I also won’t tell you about the time that Mom was going to add an angled step to the staircase so the chi wouldn’t flow out the front door. You see, if I told stories like these you’d think my mother was silly. She is not a silly woman.
I thought I would share the stream of text messages that Mom and I most recently had.
As you can see I did not know how to hard boil eggs. I texted Mom and she texted me back with directions. Thanks Mom.
You can also see that Jane sent us to the poorhouse recently with her love of oysters. She loves good food, and my hope for her is that she has an excellent job one day or else grocery shopping will be her nightmare.
The first night we were in Mammoth there was an earthquake. We sure did feel it.
This morning’s text signals a return to her youth. Maybe Mom is looking for a new house, or perhaps she’s gotten tired of taking her dog to the acupuncturist and she needs someone to talk to her? I’m not sure why Mom needs a good psychic but I have a feeling it’s going to be a good story.
This morning when I went to wake Jane Sparky was curled up her bed. Sparky does not sleep with Jane, and we know that the last time Sparky slept with Jane there was not a happy ending to the story.

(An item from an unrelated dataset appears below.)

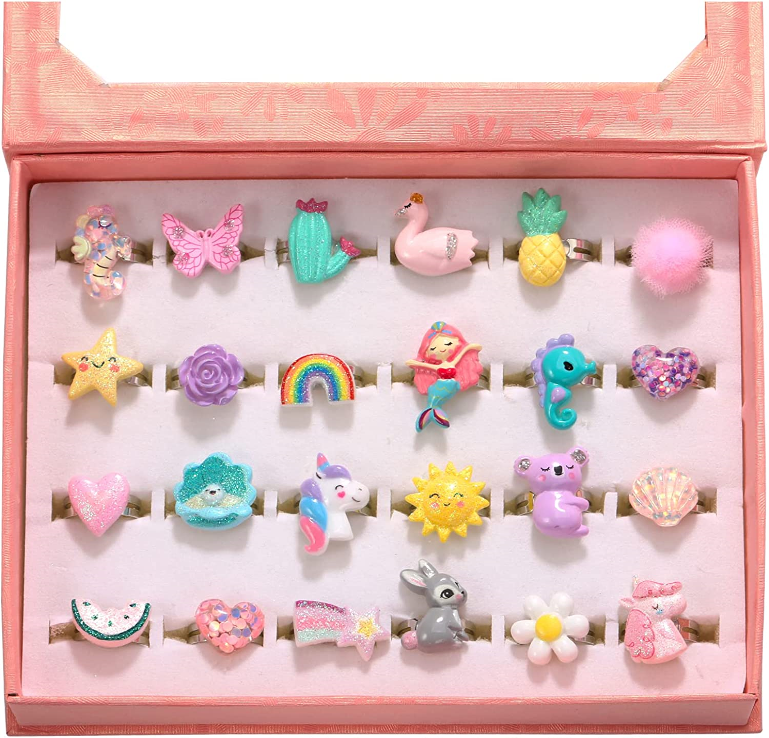 PinkSheep Little Girl Jewel Rings in Box, Adjustable, No Duplication, Girl Play

This morning was no exception. Although Jane’s sheets are lime green with white and green, there are no flecks of black. The flecks of black you see on the bedsheets are actually feathers. And the red? Well, I’m assuming it’s blood, but since we didn’t find a bird body to go with the wings the evidence against the homicidal manic is strictly circumstantial.
Last Wednesday night Sparky slept on Jane’s bed. This is odd, because Sparky never goes into Jane’s room, she sleeps with Alexander. By way of explanation Jane’s bedroom is the first bedroom you’d encounter after walking upstairs.
Jane then slept out on Thursday and Friday nights. As is our habit we close her bedroom door when she’s not home. It makes us miss our kids less. On Thursday morning I grabbed something from her room and realized it stank like soccer gear. Shin guards can be horrendous. I texted her, “I hope you’re having fun, but your bedroom smells like something died in it.” and then I closed the door.
On Friday morning the window washers came. They were here to wash all the windows except the one with the bird nest on in. You can see how well that turned out. I went upstairs with them and opened the door to Jane’s bedroom.
It was not the smell of shin-guards. Sparky darted into the room, went under the bed and started purring louder than a jet engine. She was puffed up and delighted with herself.
The other thing that was puffed up in the room was the rat. The dead bloated rat that Sparky had put under Jane’s bed.
Fast forward a few tears, double plastic bags, carpet cleaning and a $50 tip to the window cleaner who brought the dead animal to the trash can.
Last night we had a fabulous dinner to celebrate Jane’s Birthday. The four of us stumbled into the house, giddy as we were stuffed with delicious Japanese Food and desserts, and we saw this.
I could have run upstairs to grab a towel for her. I could have started to clean the floor, but I’m a blogger and I love you guys. So I grabbed my phone and started snapping pictures. Sparky has been eyeballing the vacuum in the pool for a few days now. I’m guessing last night she finally felt like she was in a position to nab it.
Here’s where she missed.
When we were done giggling, and the kids were tucked in Mr. G. and I just sort looked at each other and started in with the OhMyGawdWhatWouldWeDoIfTheCatDrownedOnHerBirthday talk. And then we were trying to imagine what she looked like in the pool. Then I sat around feeling sad that I didn’t have a video camera running while the cat was flailing in the pool. Because even if I’m a horrible person I’m a very good blogger, and y’all would loved that.
Even though Sparky has stolen my heart. I must say that I love Junior best.